A great many of these delusional people who admired Putin are vocal Trump supporters and QAnon cultists.  I don't say that to stir the pot.  I don't say it to insult anyone reading this.  I say it with quite a bit of sadness, frankly.  It should surprise no one at this point why Putin wanted Trump to win so badly that he orchestrated interference in our elections.  Like Hitler, and like Lenin and Stalin, Putin clearly has ambitions of establishing an empire.  But countries that he sees as naturally under subservience to Russia are out of his grasp because of their membership in NATO.  Trump had promised to remove the United States from NATO membership, which would have been the defacto end of NATO.  That would have opened the door for Putin to march on Poland, the Czech Republic, Slovakia, Romania, Hungary, Lithuania, Slovenia, and Estonia. Now that Trump lost his re-election bid, and NATO is here to stay for the time being, Putin now just has to gamble.  Nations that want to join NATO, like Georgia in the last decade, and Ukraine in the present, have to be seized on before they can seal the deal. 

Putin, like Hitler, wants his little wars of conquest with zero Western resistance.  And again, like Hitler, he doesn't want a large war beyond that.  If this ends in World War III, I'm sure that is a situation in which he'd prefer not to be.  Yet, his goals are not really negotiable given his almost religious devotion to the concept of a new Russian Empire.  This has to be the case at this point, otherwise, given the response of the Western world, there would be a moment of clarity on his part, and that moment of clarity just isn't there.

This follows Hitler's own patterns so well.  Hitler, for his part, could not believe that countries like England and France were going to see their promises of defending their allies through.  He had fully expected them to stay out of it, or even give him the green light, as they had with his conquest of Czechoslovakia.  He attributed the sudden renewed Western vigor of resistance to "warmongers" like Winston Churchill.  But while it was not in his plan nor was it ever a desire of his to fight a World War, his goals were uncompromising.  Hitler was willing to gamble with stakes as high as World War.  I think Putin was and is willing to gamble World War, just as Hitler was.

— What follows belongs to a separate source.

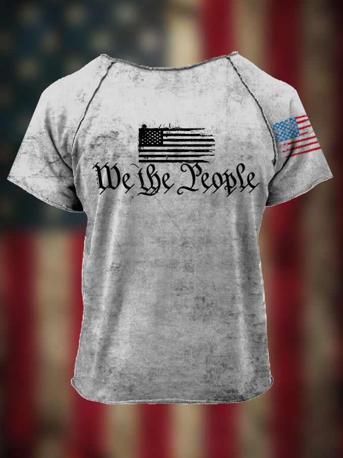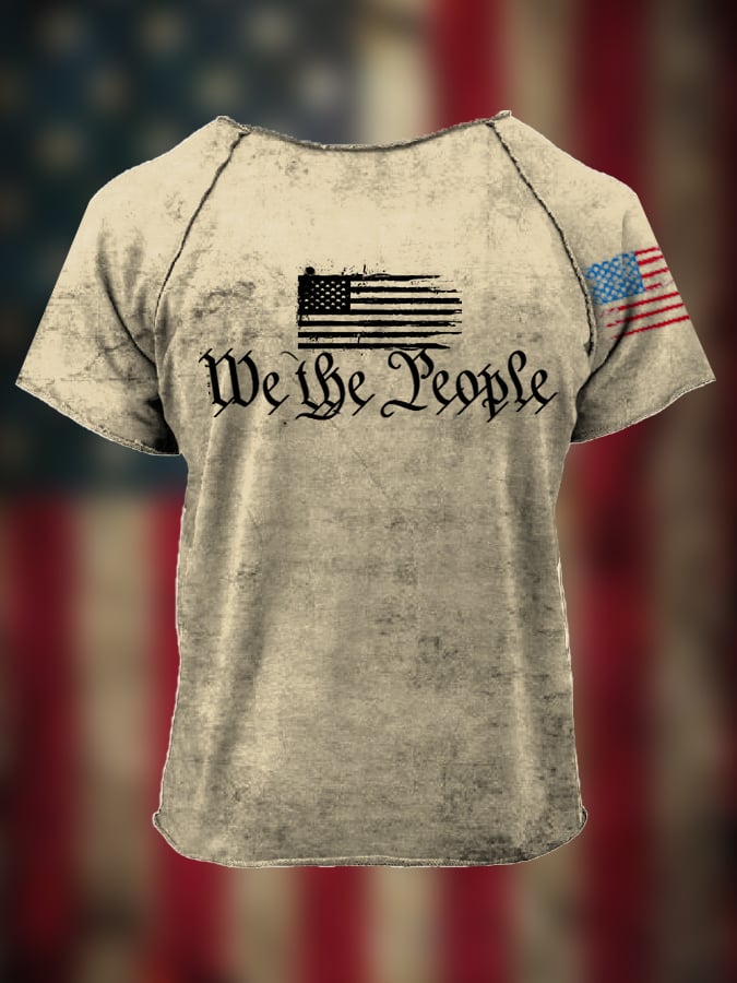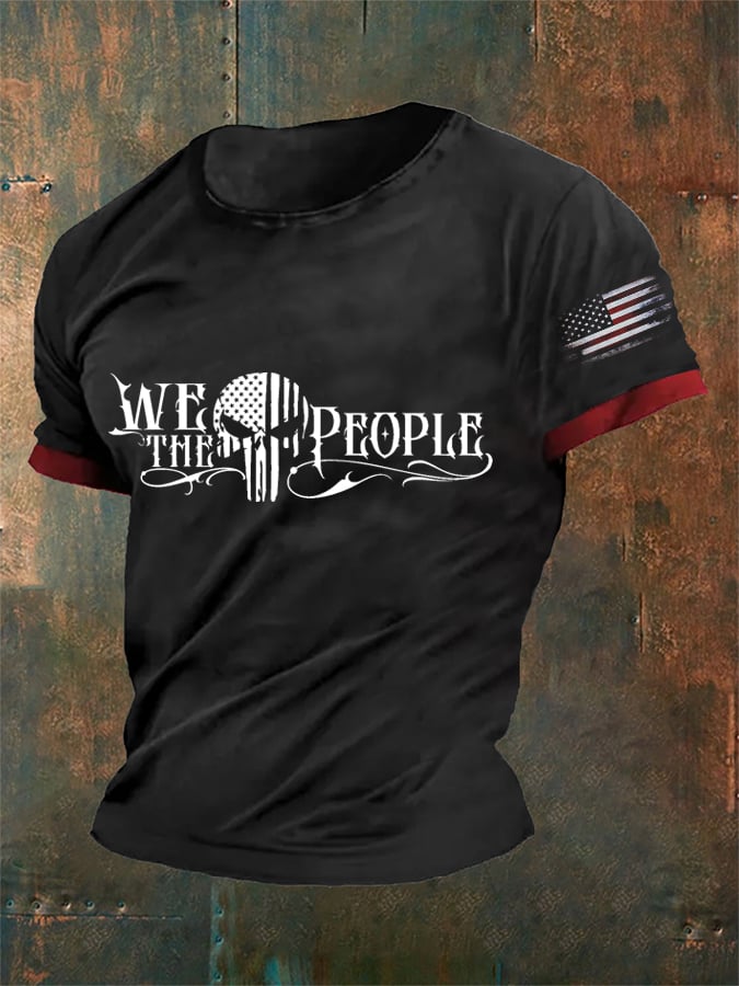 Men's We The People 1776 America Flag Skull Print Independence Day Casual Tee
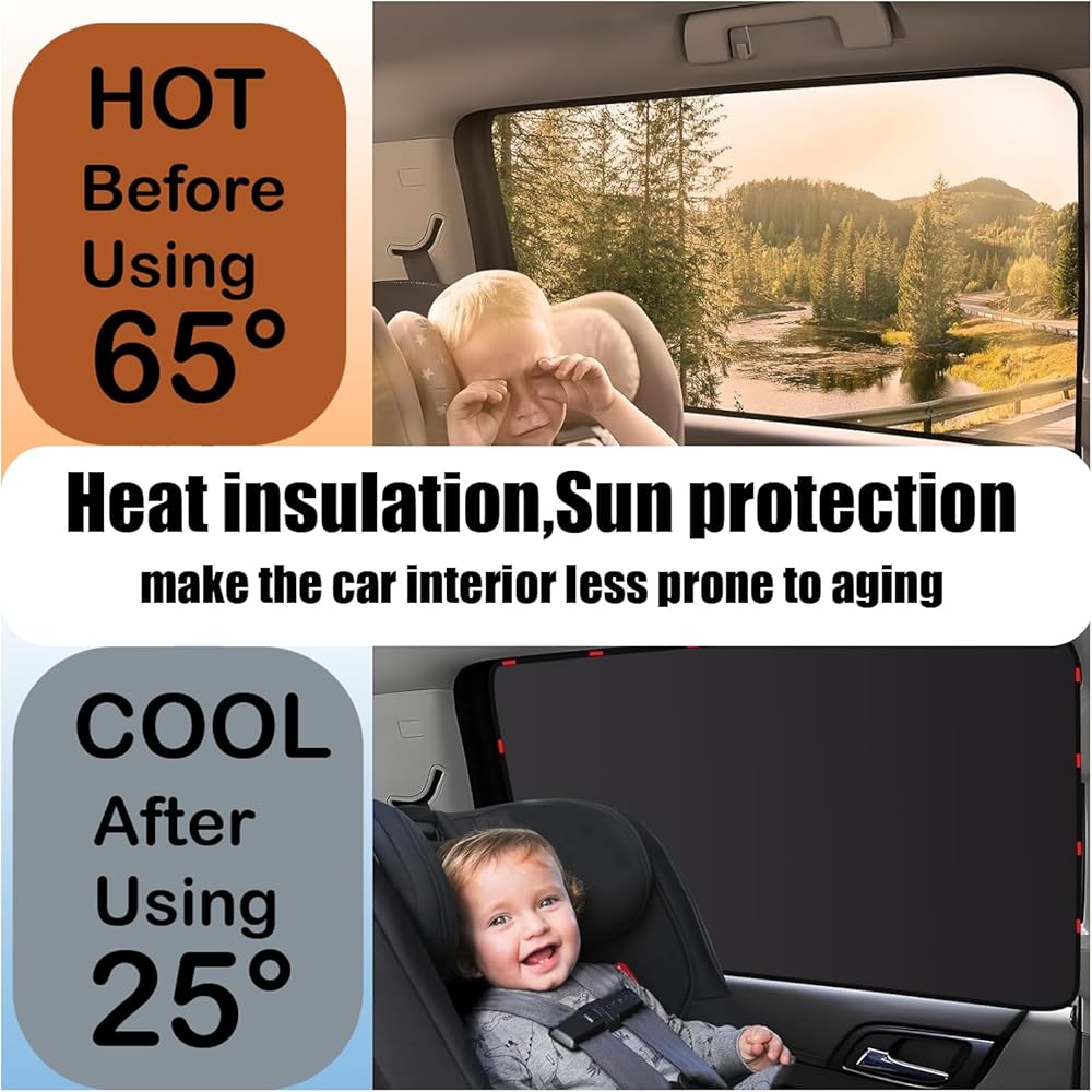 2PCS Car Shades for Rear Windows with Magnetic, 100% Blackout UV Protection Privacy Curtains, Car Window Shade Covers for Baby, Universal Auto Accessories Fits for Camping, Travel, Napping

So Putin's absence of an epiphany is at least understood by his desire for a Russian Empire.  But for many of Putin's supporters and apologists in America and Europe, speaking as they are from a bubble of privilege and an atmosphere of only knowing peace at home, there is not yet a massive moment of clarity.  I say this knowing that a few have experienced it, and for many more there will be such a realization, just as there was for those folks in the past when they finally saw what a threat Hitler and Stalin were as they arrived at their own intellectual or even literal doorsteps.  But the reality is that a lot of these people won’t have that epiphany, even in this worst case scenario.

That's the danger of cultic thinking, of joining a cult around a personality.  Those of us who know YHWH should know how to avoid joining a cult of personality, and should keep our prayers ascending for the violated people of Ukraine, who are now pitted in a life or death struggle to avoid being forced to join the Cult of Putin.  Likewise, we should be praying for Russians and subjects of governments run by Putin's puppets.  They need freedom from this Cult.  They don't have the privilege of rescinding their membership.